WORK REQUIRED: Print the records below exactly, from the line containing "Abbildung 2: Unselbstständig" down to the line containing "9月4日，北京市西城区阜成门", both lines included, and omit every picture.

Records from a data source
[Start of section]

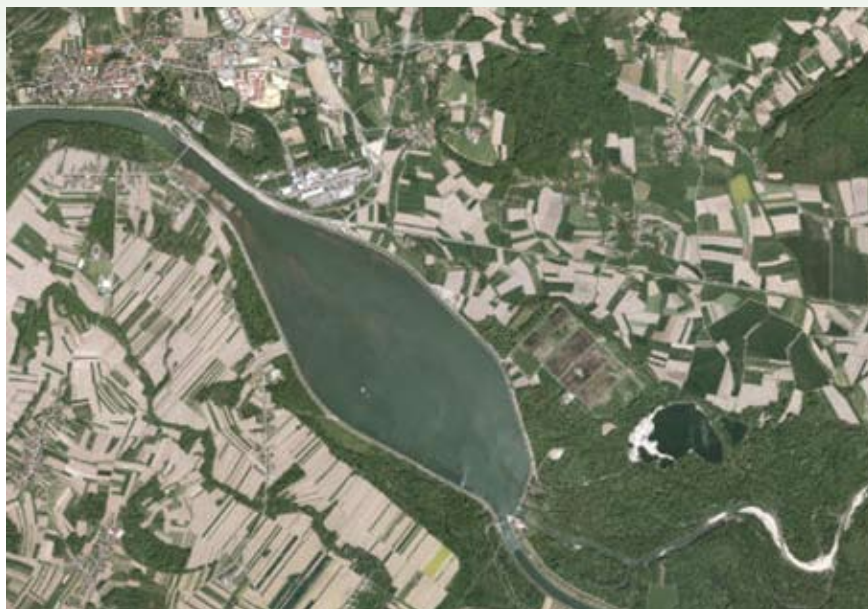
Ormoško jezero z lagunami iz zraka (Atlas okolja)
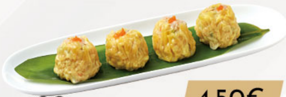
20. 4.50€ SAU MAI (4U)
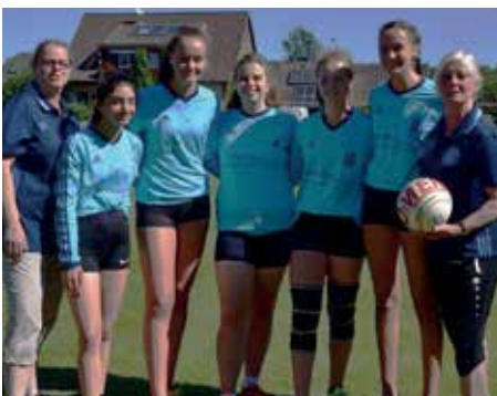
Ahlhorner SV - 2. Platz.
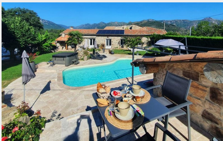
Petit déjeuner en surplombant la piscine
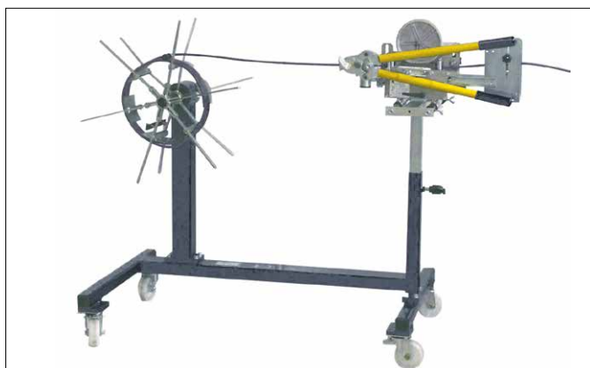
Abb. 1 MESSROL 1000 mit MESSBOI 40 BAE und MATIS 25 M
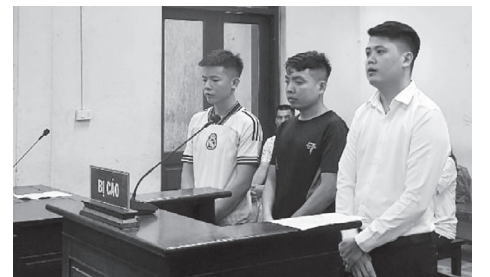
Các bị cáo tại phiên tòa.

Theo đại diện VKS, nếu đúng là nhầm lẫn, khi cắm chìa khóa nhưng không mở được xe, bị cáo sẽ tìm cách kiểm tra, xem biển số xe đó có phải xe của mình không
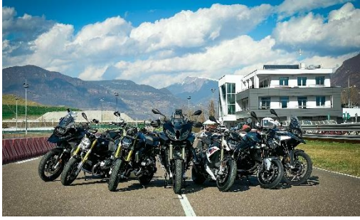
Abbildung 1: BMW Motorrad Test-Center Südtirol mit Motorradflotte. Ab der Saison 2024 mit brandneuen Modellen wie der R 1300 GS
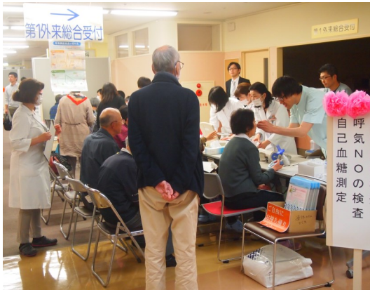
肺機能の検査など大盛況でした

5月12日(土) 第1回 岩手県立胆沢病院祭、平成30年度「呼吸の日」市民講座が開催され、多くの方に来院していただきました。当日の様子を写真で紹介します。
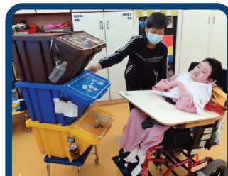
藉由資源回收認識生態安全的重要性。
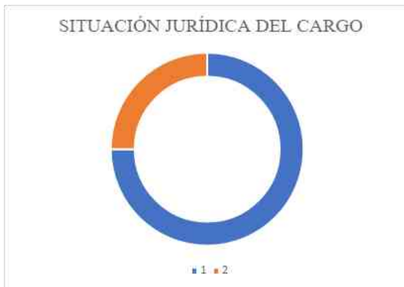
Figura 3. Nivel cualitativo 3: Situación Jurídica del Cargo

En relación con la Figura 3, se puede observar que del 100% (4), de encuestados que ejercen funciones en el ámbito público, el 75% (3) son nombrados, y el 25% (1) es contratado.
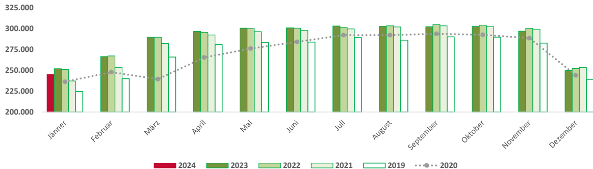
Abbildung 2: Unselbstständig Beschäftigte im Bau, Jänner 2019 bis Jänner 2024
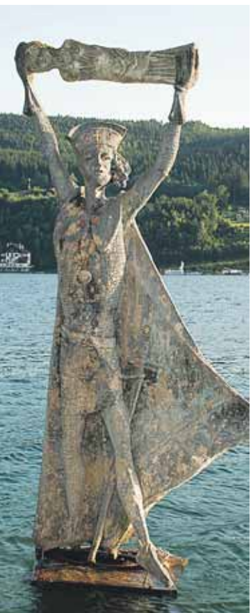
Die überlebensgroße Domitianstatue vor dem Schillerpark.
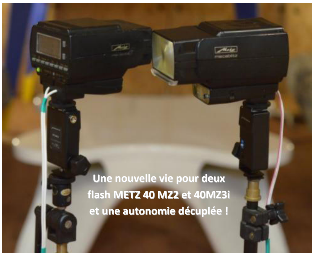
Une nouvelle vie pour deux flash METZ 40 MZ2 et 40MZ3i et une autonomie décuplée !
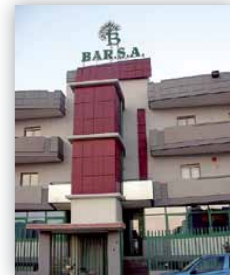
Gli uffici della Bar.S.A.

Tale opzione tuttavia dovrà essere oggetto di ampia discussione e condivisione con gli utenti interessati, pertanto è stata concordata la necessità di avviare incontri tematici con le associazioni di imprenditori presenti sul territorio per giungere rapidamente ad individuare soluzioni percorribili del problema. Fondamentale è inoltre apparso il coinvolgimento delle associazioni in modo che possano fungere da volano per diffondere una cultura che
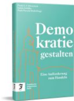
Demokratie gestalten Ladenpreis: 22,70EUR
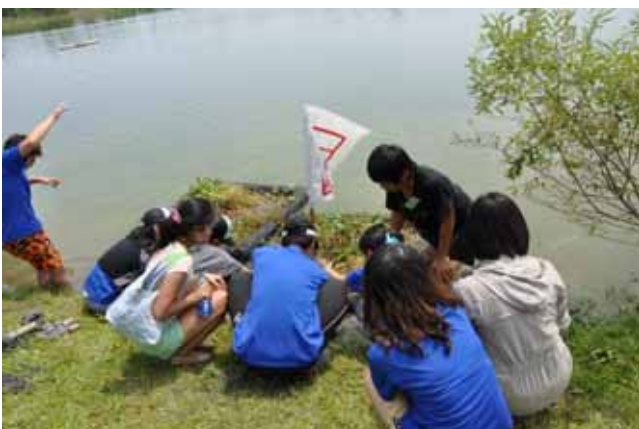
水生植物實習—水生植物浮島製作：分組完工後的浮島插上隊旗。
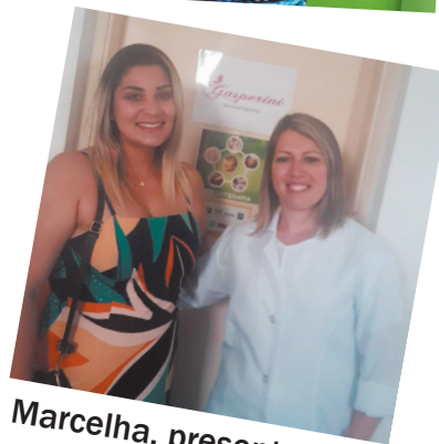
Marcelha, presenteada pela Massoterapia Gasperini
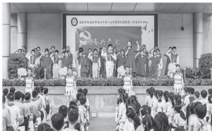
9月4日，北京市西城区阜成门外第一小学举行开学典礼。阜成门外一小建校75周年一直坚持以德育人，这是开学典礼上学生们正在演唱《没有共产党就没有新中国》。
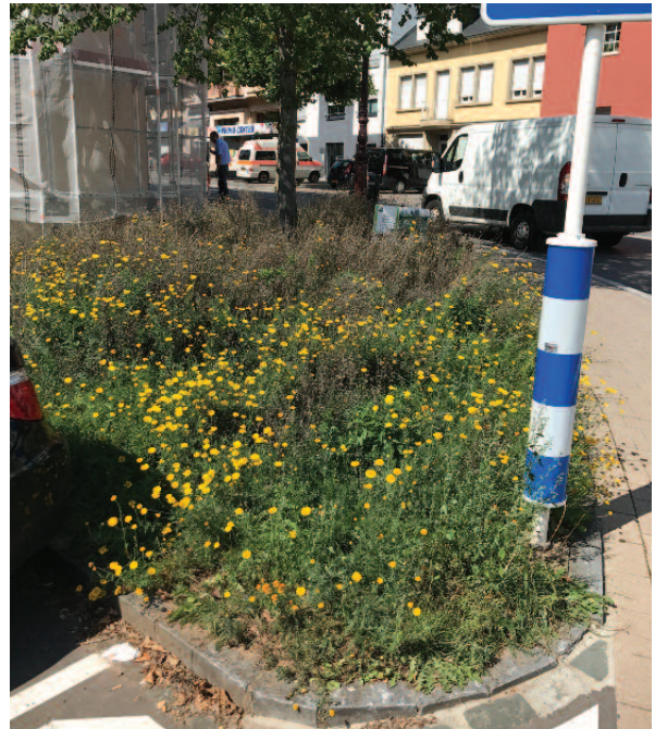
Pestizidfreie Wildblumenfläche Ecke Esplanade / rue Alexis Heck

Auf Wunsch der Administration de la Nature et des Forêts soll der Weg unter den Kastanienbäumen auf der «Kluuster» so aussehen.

[End of section]
[Start of section]

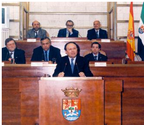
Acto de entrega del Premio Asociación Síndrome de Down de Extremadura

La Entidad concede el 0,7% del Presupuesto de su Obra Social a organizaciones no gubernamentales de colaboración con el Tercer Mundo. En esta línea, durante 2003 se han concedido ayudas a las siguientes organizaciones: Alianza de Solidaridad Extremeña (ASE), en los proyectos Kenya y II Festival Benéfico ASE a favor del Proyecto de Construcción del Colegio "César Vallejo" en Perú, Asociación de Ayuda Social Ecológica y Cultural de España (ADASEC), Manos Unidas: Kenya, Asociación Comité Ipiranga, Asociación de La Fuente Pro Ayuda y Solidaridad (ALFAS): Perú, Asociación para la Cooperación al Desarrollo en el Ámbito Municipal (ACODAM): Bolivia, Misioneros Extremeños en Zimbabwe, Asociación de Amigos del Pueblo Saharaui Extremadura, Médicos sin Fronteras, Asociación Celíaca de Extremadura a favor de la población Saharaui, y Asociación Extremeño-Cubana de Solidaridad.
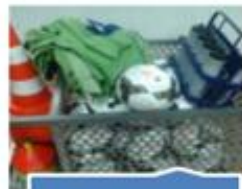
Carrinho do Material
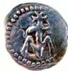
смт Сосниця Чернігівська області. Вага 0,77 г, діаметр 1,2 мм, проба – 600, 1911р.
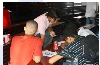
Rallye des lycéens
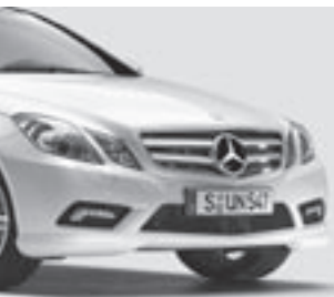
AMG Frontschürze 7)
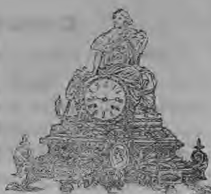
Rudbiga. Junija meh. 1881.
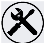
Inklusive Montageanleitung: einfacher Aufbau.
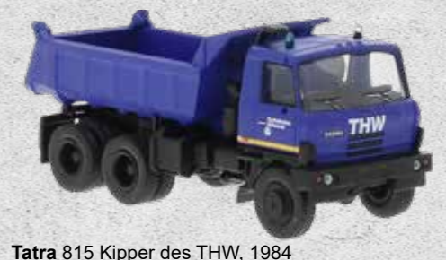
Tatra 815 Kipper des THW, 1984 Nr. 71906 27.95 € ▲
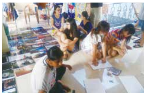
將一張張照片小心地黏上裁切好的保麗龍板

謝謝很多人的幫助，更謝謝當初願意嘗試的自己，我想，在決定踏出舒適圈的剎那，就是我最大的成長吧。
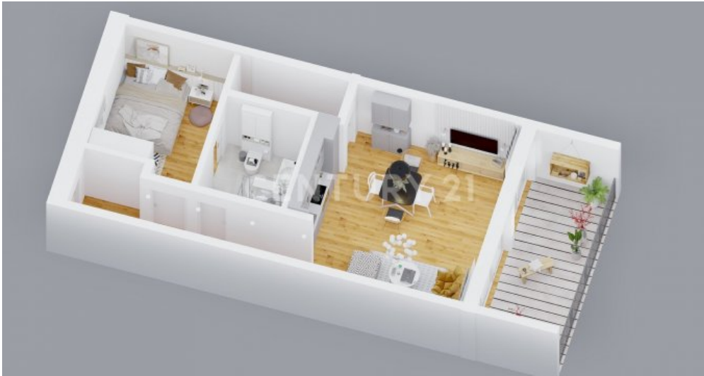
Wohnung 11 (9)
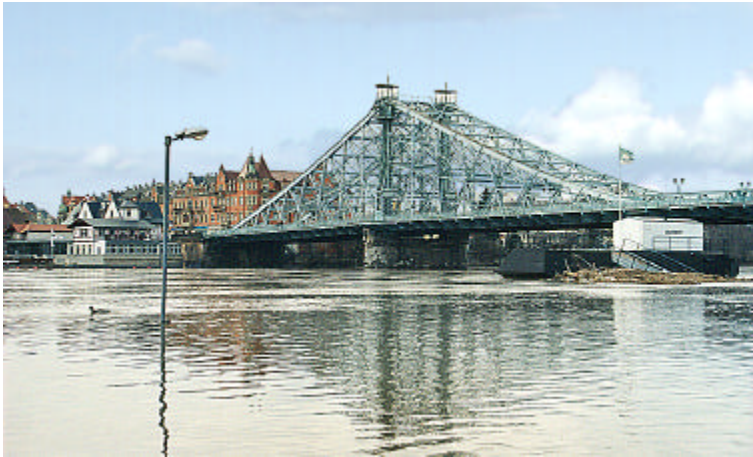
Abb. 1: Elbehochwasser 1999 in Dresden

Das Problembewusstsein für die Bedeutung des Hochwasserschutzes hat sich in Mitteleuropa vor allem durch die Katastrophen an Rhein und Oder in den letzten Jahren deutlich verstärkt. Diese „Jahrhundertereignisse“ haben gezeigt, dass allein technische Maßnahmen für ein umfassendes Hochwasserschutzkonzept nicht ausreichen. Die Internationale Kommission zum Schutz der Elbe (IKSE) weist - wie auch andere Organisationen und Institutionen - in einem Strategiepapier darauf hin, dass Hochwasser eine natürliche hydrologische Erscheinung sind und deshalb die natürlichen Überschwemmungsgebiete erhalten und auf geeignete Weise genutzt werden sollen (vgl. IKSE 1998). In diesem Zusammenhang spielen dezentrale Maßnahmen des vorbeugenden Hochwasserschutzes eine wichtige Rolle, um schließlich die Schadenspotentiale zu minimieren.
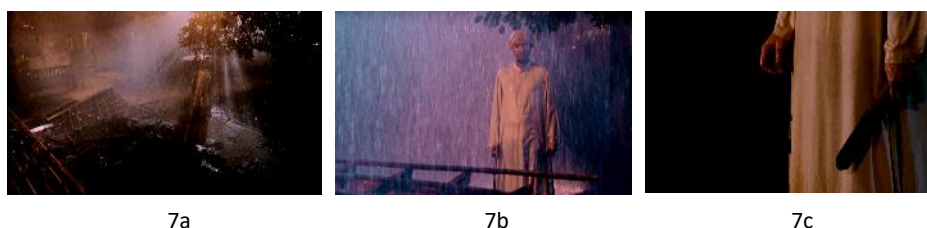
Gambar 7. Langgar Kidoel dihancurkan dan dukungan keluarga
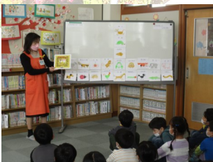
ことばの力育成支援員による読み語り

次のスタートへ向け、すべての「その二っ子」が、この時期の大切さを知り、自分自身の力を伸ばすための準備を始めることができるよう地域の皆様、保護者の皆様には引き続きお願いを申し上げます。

[End of section]
[Start of section]

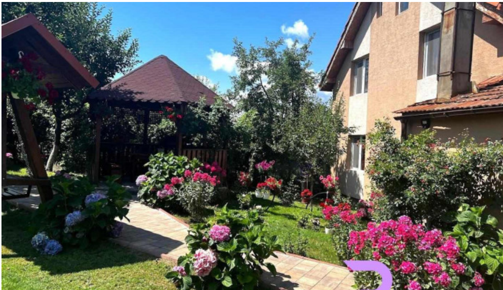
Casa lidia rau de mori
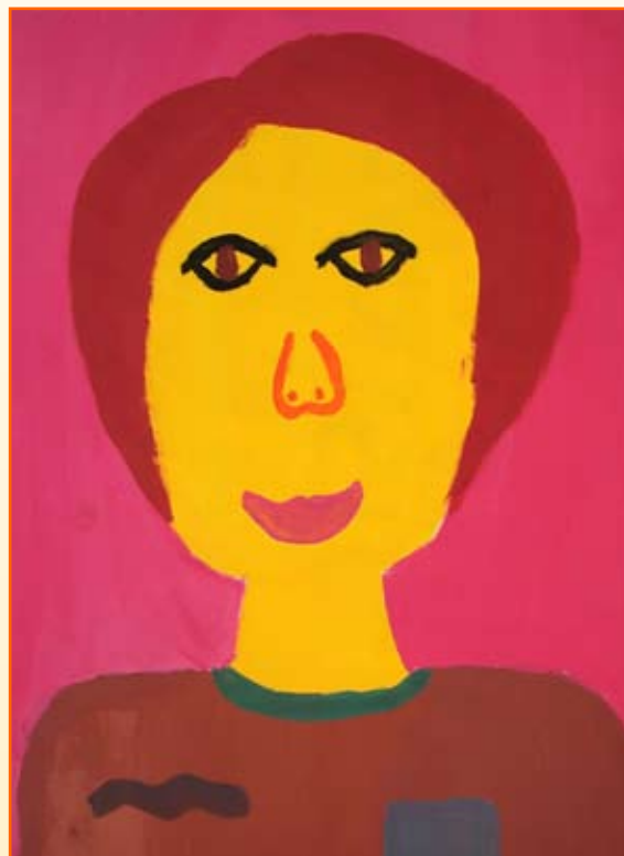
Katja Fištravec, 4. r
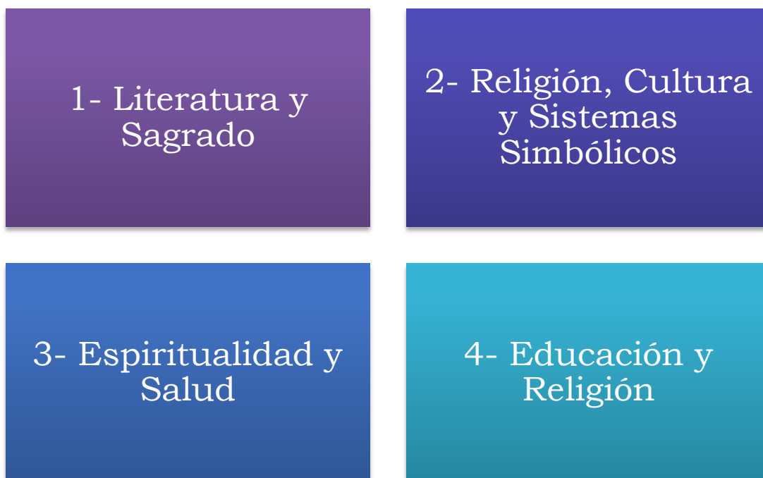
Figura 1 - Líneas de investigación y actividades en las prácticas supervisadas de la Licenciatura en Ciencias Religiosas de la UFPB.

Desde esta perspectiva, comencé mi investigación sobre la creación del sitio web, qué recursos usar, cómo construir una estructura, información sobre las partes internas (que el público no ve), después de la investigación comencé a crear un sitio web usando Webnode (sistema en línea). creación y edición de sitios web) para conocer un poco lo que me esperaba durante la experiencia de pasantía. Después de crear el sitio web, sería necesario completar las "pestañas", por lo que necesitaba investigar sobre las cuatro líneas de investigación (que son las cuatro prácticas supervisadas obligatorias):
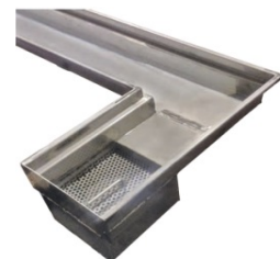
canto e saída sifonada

[End of section]

TASK OUTPUT:
Abbildung 2: Unselbstständig Beschäftigte im Bau, Jänner 2019 bis Jänner 2024
Die überlebensgroße Domitianstatue vor dem Schillerpark.
Une nouvelle vie pour deux flash METZ 40 MZ2 et 40MZ3i et une autonomie décuplée !
Gli uffici della Bar.S.A.

Tale opzione tuttavia dovrà essere oggetto di ampia discussione e condivisione con gli utenti interessati, pertanto è stata concordata la necessità di avviare incontri tematici con le associazioni di imprenditori presenti sul territorio per giungere rapidamente ad individuare soluzioni percorribili del problema. Fondamentale è inoltre apparso il coinvolgimento delle associazioni in modo che possano fungere da volano per diffondere una cultura che
Demokratie gestalten Ladenpreis: 22,70EUR
水生植物實習—水生植物浮島製作：分組完工後的浮島插上隊旗。
Marcelha, presenteada pela Massoterapia Gasperini
9月4日，北京市西城区阜成门外第一小学举行开学典礼。阜成门外一小建校75周年一直坚持以德育人，这是开学典礼上学生们正在演唱《没有共产党就没有新中国》。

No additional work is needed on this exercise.